The ngx_http_stat_module is addon for nginx HTTP server. This is a high-performance nginx module for logging some http requests via UDP into stats daemon. The stat daemon collection, accumulation and processing statistics. This project using for adv partner-billing systems. Smooth integration of this module with nginx server gives the best performance possible.

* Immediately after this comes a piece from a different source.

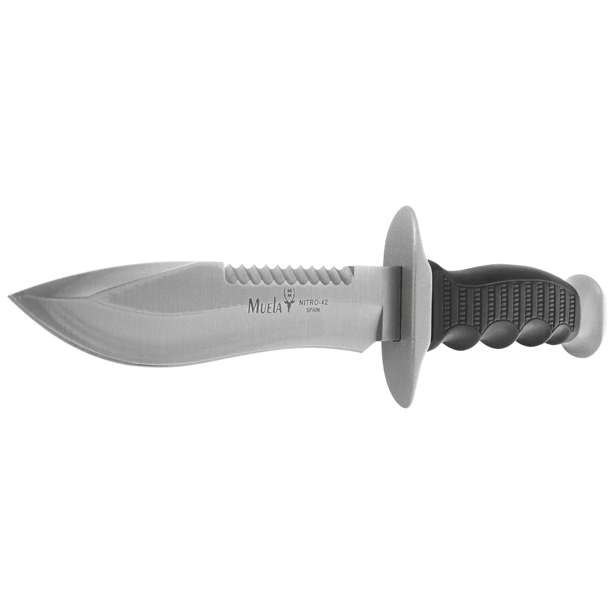 - Muela 85-162 a full-sized fixed-blade knife with a Bowie profile. Crafted from Nitro‑42 stainless steel, coated with a protective black finish, it features a durable handle made of rubber and zamak. Engineered for extreme field and tactical applications.
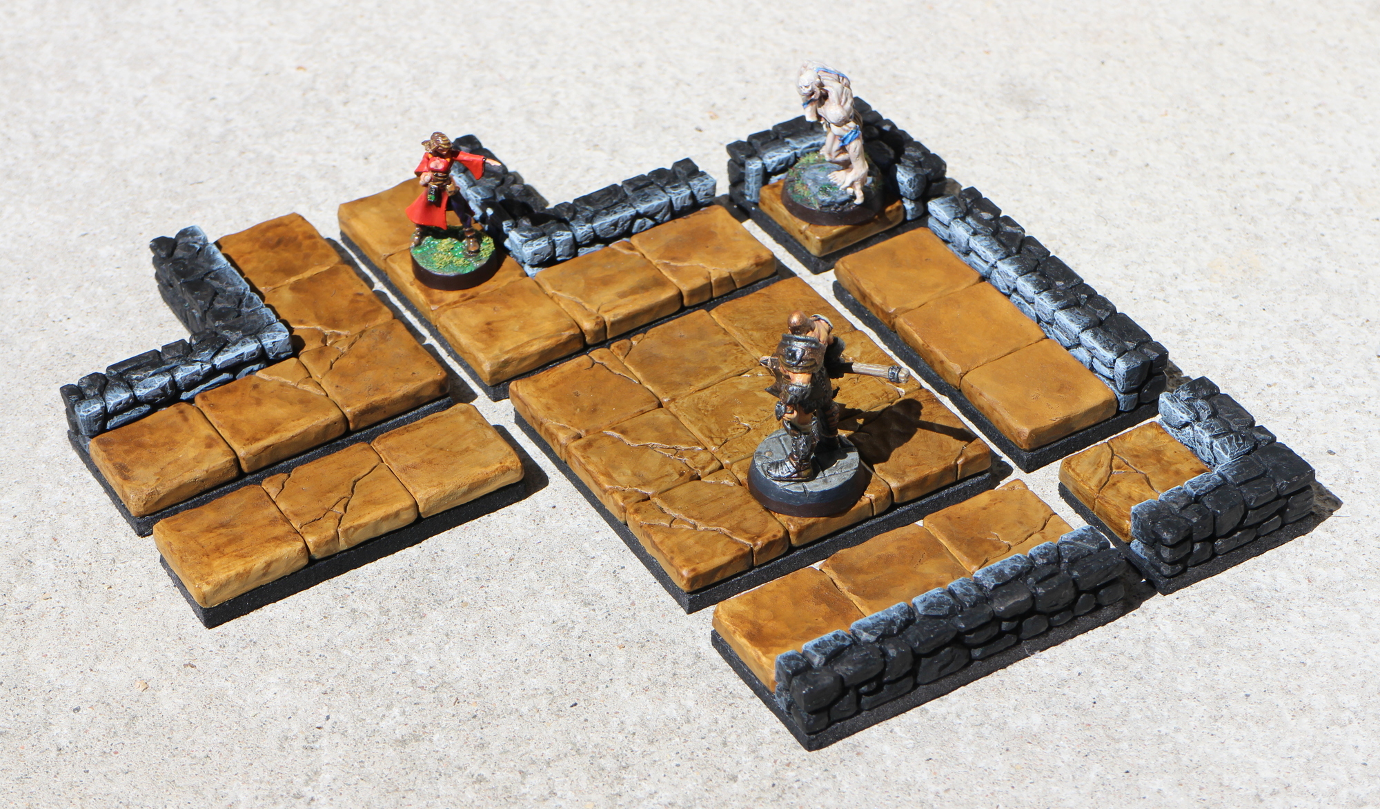 Modular dungeon POC 2 Exploded view. The floor tiles on each of these pieces were glued to each other and had to be scrapped, but no other glue was used. The wall pieces were rescued, largely unmodified, into the next stage of design. Reaper Miniatures In galleries: Modular dungeon POC Hirst Arts dungeon terrainHirst Arts miniature terrain

ATTENTION! it is alpha version.

Introduction

The ad networks require accounting of data. The information from cookies and part url as GET parameter identify the users, clicks, partners and banners. This information send by binary UDP protocol to statistic daemon. The statistic daemon collection, accumulation, processing and agregation information save to database.

This project have files:

drwxr-xr-x   conf			- the directory with example config files
-rw-r--r--   config			- file for configuration of addon
drwxr-xr-x   html			- the some test files
drwxrwxrwx   server 			- the source of daemon framework is the server directory
-rw-r--r--   LICENSE			- text of license
-rw-r--r--   ngx_http_stat_module.c 	- source of module
-rw-r--r--   README.md 			- this file

Configuration

The context (http://nginx.org/en/docs/http/ngx_http_core_module.html#server) of ngx_http_stat_module module is server.

stats_server [host:port] ; address of daemon (only server context)

stats on|off ; on/off statistic by any location (http://nginx.org/en/docs/http/ngx_http_core_module.html#location)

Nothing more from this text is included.